* _Directions_:
Quote word for word the lines below, beginning with the first and ending with the one that has "Яйцо отварить вкрутую.". Drop the pictures.

Records from a dataset

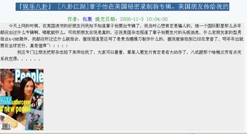 帖子並將「報道章子怡要發片的頭版消息」的雜誌封面上傳,言之鑿鑿表示確有其事。但網友們紛紛跟帖對此圖表示質疑,稱有PS的嫌疑,記者也沒有在本月的該本雜誌上查閱到帖子所述的相關內容。
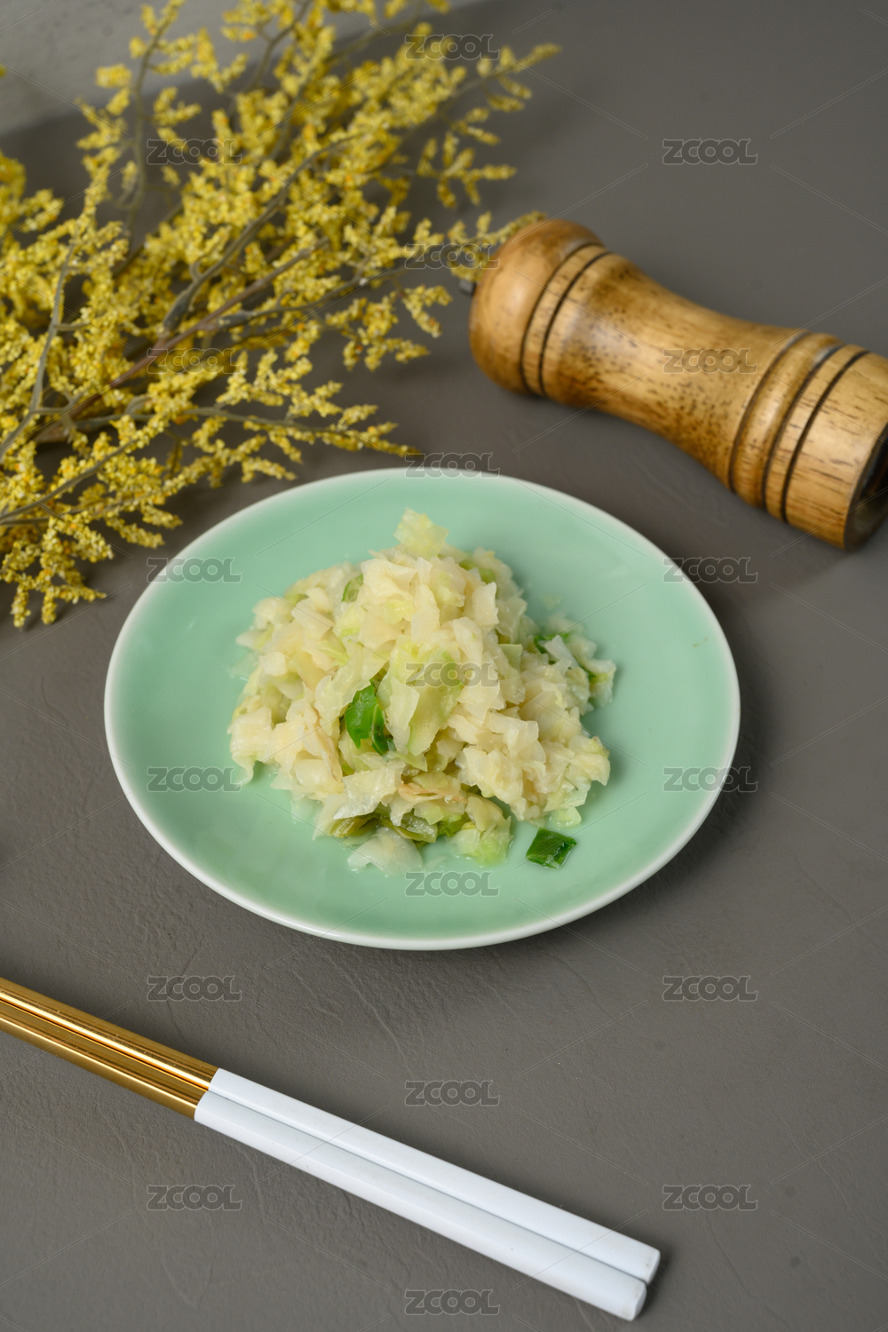 桌面上的盘子里的美味可口的泡发开的高丽菜
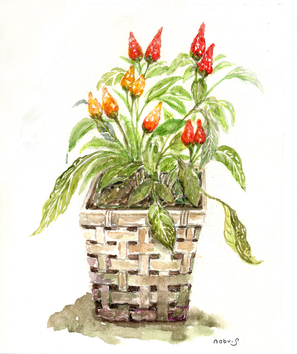 唐辛子の籠  (水彩画)
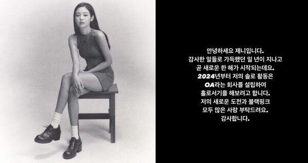제니는 12월 24일 1인 기획사 '오드 아틀리에(ODD ATELIER, OA)' 설립 소식을 알리며 가장 먼저 개별 활동을 공식화했다.
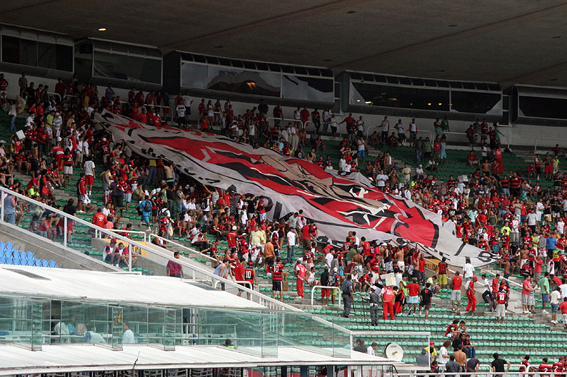 - Es wurden während der Spiels von Vasco ein großes Trikot gezeigt und von Flamengo zweit Blockfahren.
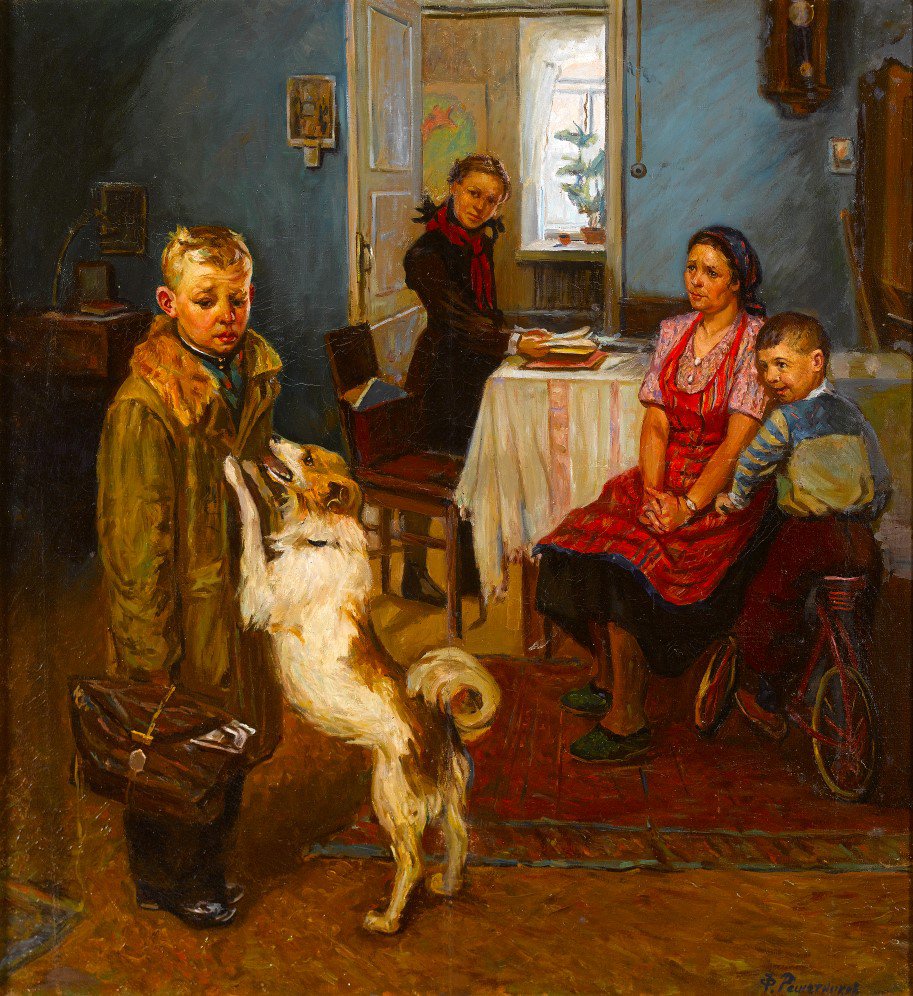 Яйцо отварить вкрутую. Промытый картофель отварить, охладить и очистить. Холодную жареную телятину, картофель, огурцы, очищенные яблоки и яйцо нарезать мелкими кубиками. Добавить зеленый горошек, майонез, соль, сахар, уксус, горчицу и осторожно перемешать.
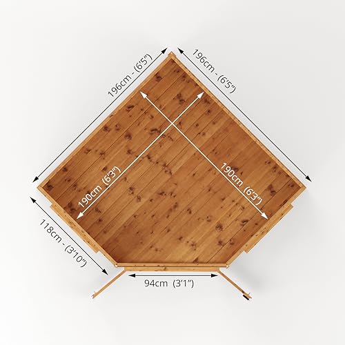 Details: If you're in search of a versatile space for crafting, entertaining, or simply unwinding after a long day, Our 7 x7 Premier Corner Summerhouse may just fit the bill. Designed to fit snugly into the corner of your garden, it offers panoramic views and maximises your available space, leaving more outdoor space for other features. Its two fixed windows and fully glazed French doors, all featuring shatterproof styrene, fill the interior with natural light, creating a warm and inviting atmosphere. The walls are constructed using 12mm Shiplap tongue and groove cladding to form strong, hardwearing and premium panels. The roof and floor are cut from quality tongue and groove boards. The roof is covered with heavy duty mineral felt for added weatherproof protection.
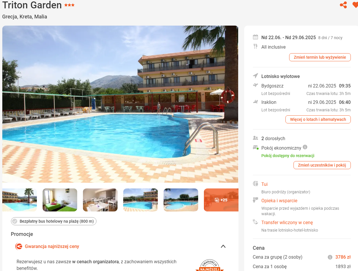 Na urlop do Grecji udasz się w terminie 22 – 29 czerwca 2025 r. Do Heraklionu polecisz bezpośrednio z Bydgoszczy z Ryanair Sun.
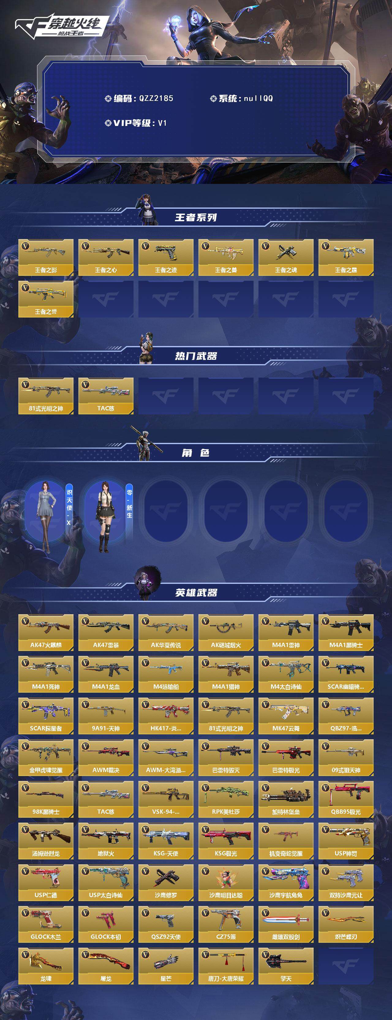 【QZZ2185】VIP1/189V/王者之影/王者之心/王者之迹/王者之兽/王者之魂/王者之霆/王者之誉/81式-光明之神/TAC-慈/炽天使-X/零-新生/AK47-火麒麟/AK47-雷暴/AK47-华夏传说/AK47-谜城烟火/M4A1-雷神/M4A1-黑骑士/M4A1-死神/M4A1-龙血/M4A1-运输船/M4A1-猎神/M4A1-太白诗仙/SCAR-幽暗骑士/SCAR-探星者/9A91-天神/HK417-炎龙铠甲/MK47-云舞/QBZ97-浩瀚征途/QBZ191-金甲虎啸觉醒/AW
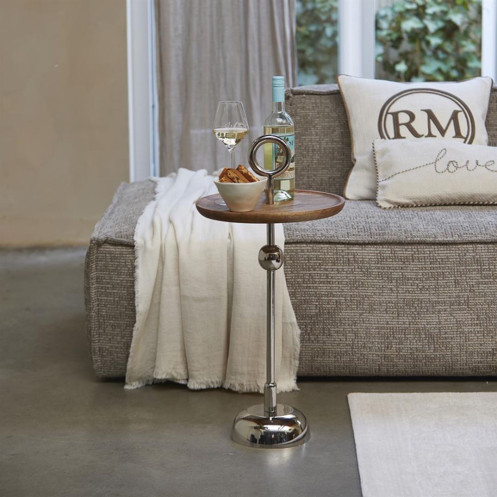 Side Table Colonna Rivièra Maison – pyöreä sivupöytä tuo sisustukseen pehmeää muotoa ja luonnollista ilmettä. Rivièra Maison Colonna -sivupöydässä yhdistyvät mangopuun lämmin sävy ja alumiininen jalka. Se sopii hyvin olohuoneeseen, makuuhuoneeseen tai sivupöydäksi nojatuolin viereen.
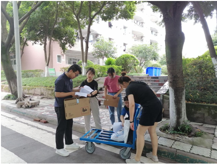 6月15日上午,在辅导员曾亚老师的带领下,williamhill中国党员服务队前往学生宿舍为学院同学邮寄笔记本电脑、部分书籍以及其他个人物品。
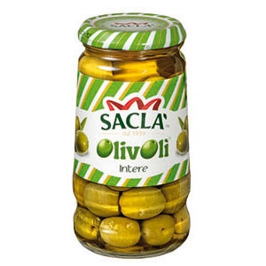 Masline verzi intregi Sacla sunt excelente pentru a fi gustate singure, cu un aperitiv clasic si pentru a imbogati aroma oricarui fel de mancare.
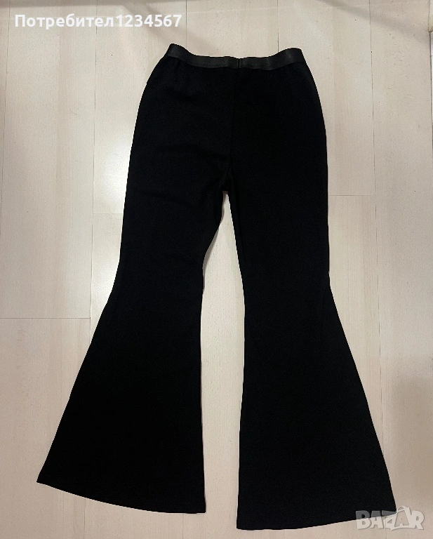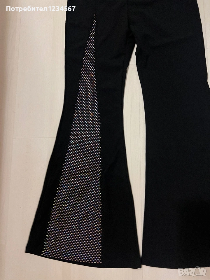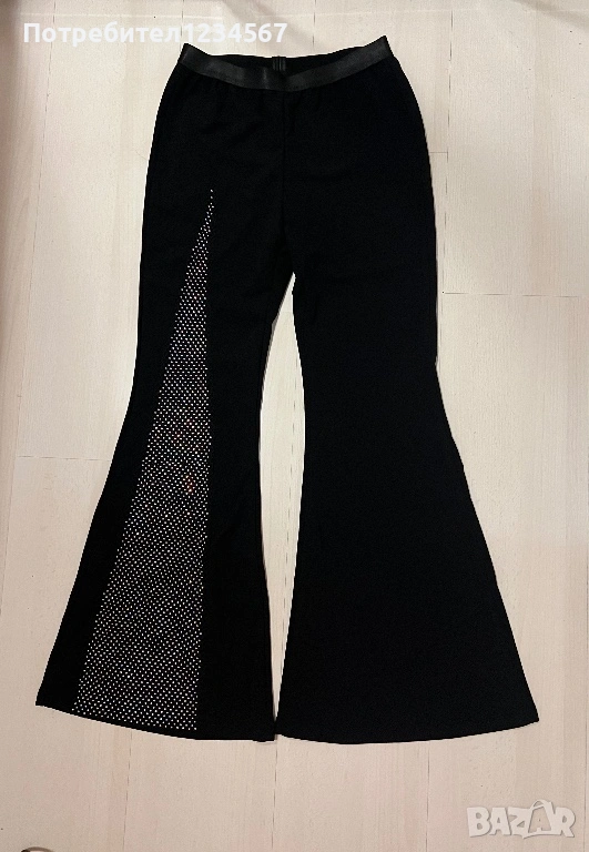 Ефектен НОВ черен панталон тип клош с модерна визия и стилен акцент. Моделът е с еластичен за комфорт и перфектно прилягане. Единият крачол е декориран с впечатляваща фина мрежа с блестящи камъчета, която придава елегантност и сценично излъчване. С рр, става и за ХС.
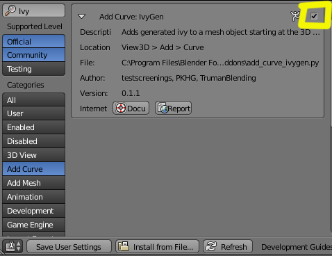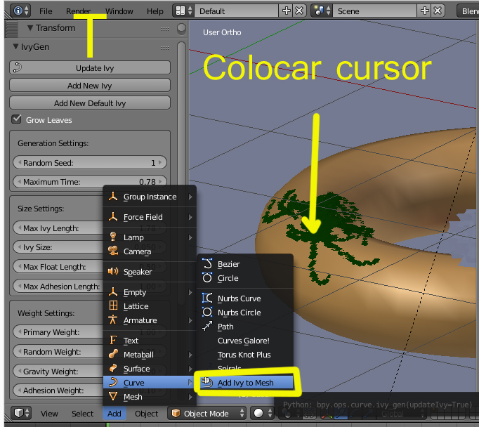 Solo hay que activarlo desde User Preferences y luego colocar el cursor sobre uno de los vértices del objeto, se entra en Object Mode y se añade desde ADD > Curve > Add Ivy to Mesh
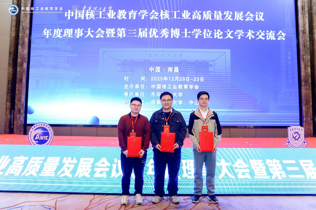會(huì)議公布了中國(guó)核工業(yè)教育學(xué)會(huì)第三屆全國(guó)優(yōu)秀博士學(xué)位論文獲獎(jiǎng)結(jié)果,2025屆博士生寇維的學(xué)位論文《核子內(nèi)部結(jié)構(gòu)和QCD非微擾性質(zhì)若干研究》榮獲優(yōu)秀博士學(xué)位論文二等獎(jiǎng),2025屆博士生趙世偉的學(xué)位論文《SiC功率器件結(jié)構(gòu)對(duì)其單粒子效應(yīng)的影響機(jī)理研究》、2024屆博士生成釗意的學(xué)位論文《面向核能的FeCrV系中熵合金熱學(xué)、力學(xué)及抗輻照性能研究》榮獲優(yōu)秀博士學(xué)位論文三等獎(jiǎng),陳旭榮研究員、劉杰研究員和孫建榮研究員獲得優(yōu)秀指導(dǎo)教師稱(chēng)號(hào)。此外,近代物理所與四川大學(xué)聯(lián)合培養(yǎng)博士生黃宇的論文榮獲優(yōu)秀博士學(xué)位論文一等獎(jiǎng)。
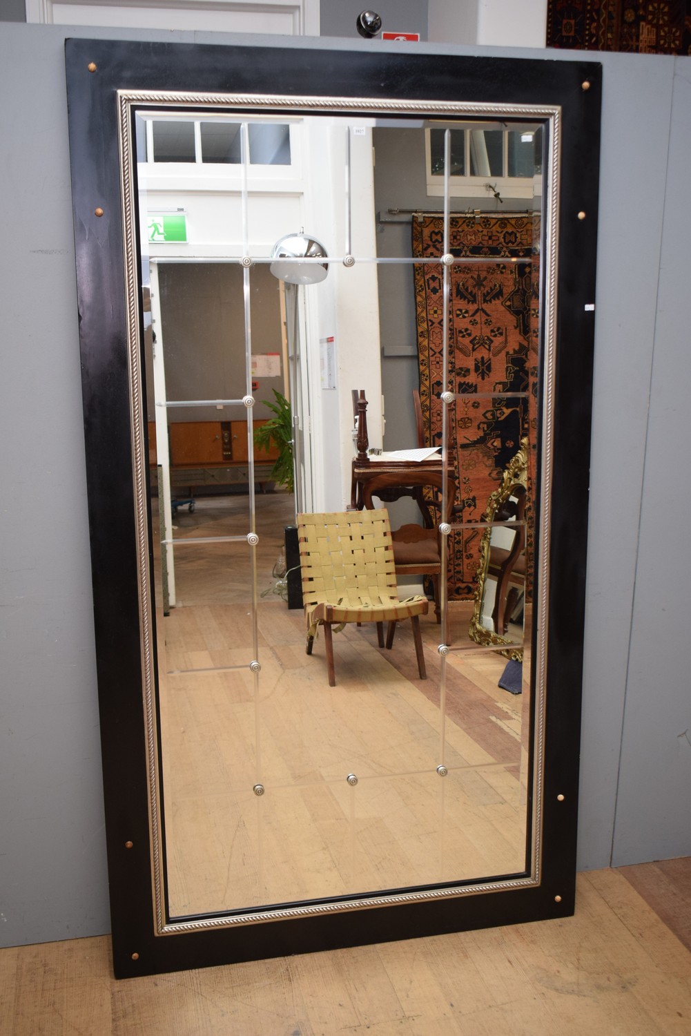 A LARGE BEVELLED GLASS DECORATIVE MIRROR (208H X 117W CM)
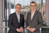 Zwei Radfahrer fahren auf einem Radweg. Sie haben blaue Jacken an und fahren an einer stillgelegten Lok vorbei.
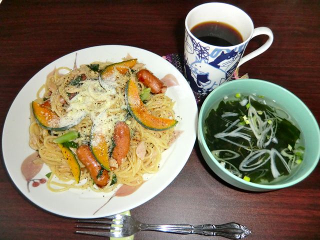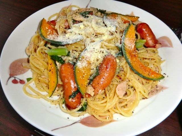 ソーセージとカボチャと大根の葉のツナクリームスパゲティー。
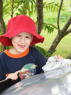 Before I had her changed and outside, Taliah had joined the boys about a 1/2 hour later the car looked great but I had a pile of wet clothes.
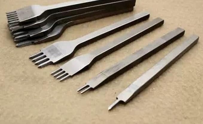 まずは革に垂直に歯を当て木槌などで打ちます。使用するのは針を入れる穴を作ったり、目印をつけるのに便利です。
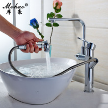 全铜抽拉式面盆冷热水龙头单把单孔拉伸洗脸盆台盆洗头伸缩带喷头
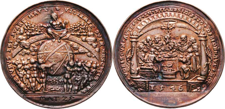Poslední večeře Páně, opis, 1546 / Kristus na globu mezi Pannou Marií a Janem Křtitelem, opis, Katz.347, Don.4341, lité Ag 55mm, 24.624g, věnování na hraně !
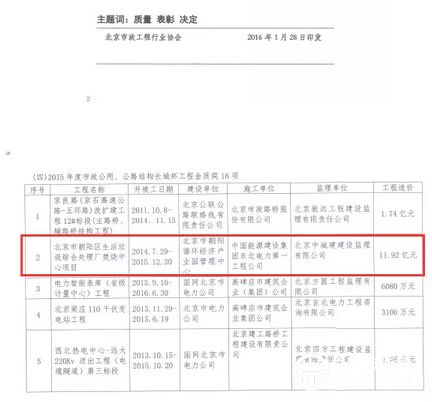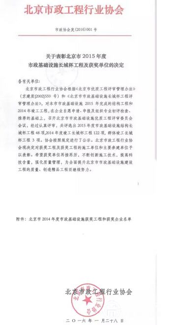 核心提示:2016年3月10日北京市政工程行業(yè)協(xié)會(huì)發(fā)布《關(guān)于表彰北京市2015年度市政基礎(chǔ)設(shè)施長城杯工程及獲獎(jiǎng)單位的決定》(市政協(xié)會(huì)發(fā)[2016]001號(hào))文件,正
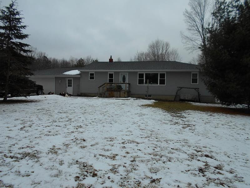 Cozy 3 bedroom 1 bath ranch on 3.06 acres in Caro country. This home features 1 1/2 car attached garage, replaced roof, vinyl siding, furnace and windows in 2011. Full semi-finished basement with a TV area and also another room for office space. The basement studs are insulated and ready for drywall. Plenty of room for storage too. Easy to heat, updated wiring, Kitchen is 9x12, LR 11.9x16, DR 10x15, bed 12x13, 12x10, 10.4x12.6, office space 13.6x11.6 Includes a 30x40 pole barn with cement floor and electricity. The basement is already plumbed for a toilet and a sink for a 2nd bathroom. Woods on both sides of this property and a great location. The wood stove in the pole barn does not stay with the sale, and the Hoist is negotiable

* _Answer for this exercise_:
 帖子並將「報道章子怡要發片的頭版消息」的雜誌封面上傳,言之鑿鑿表示確有其事。但網友們紛紛跟帖對此圖表示質疑,稱有PS的嫌疑,記者也沒有在本月的該本雜誌上查閱到帖子所述的相關內容。
 桌面上的盘子里的美味可口的泡发开的高丽菜
 唐辛子の籠  (水彩画)
제니는 12월 24일 1인 기획사 '오드 아틀리에(ODD ATELIER, OA)' 설립 소식을 알리며 가장 먼저 개별 활동을 공식화했다.
 - Es wurden während der Spiels von Vasco ein großes Trikot gezeigt und von Flamengo zweit Blockfahren.
 Яйцо отварить вкрутую. Промытый картофель отварить, охладить и очистить. Холодную жареную телятину, картофель, огурцы, очищенные яблоки и яйцо нарезать мелкими кубиками. Добавить зеленый горошек, майонез, соль, сахар, уксус, горчицу и осторожно перемешать.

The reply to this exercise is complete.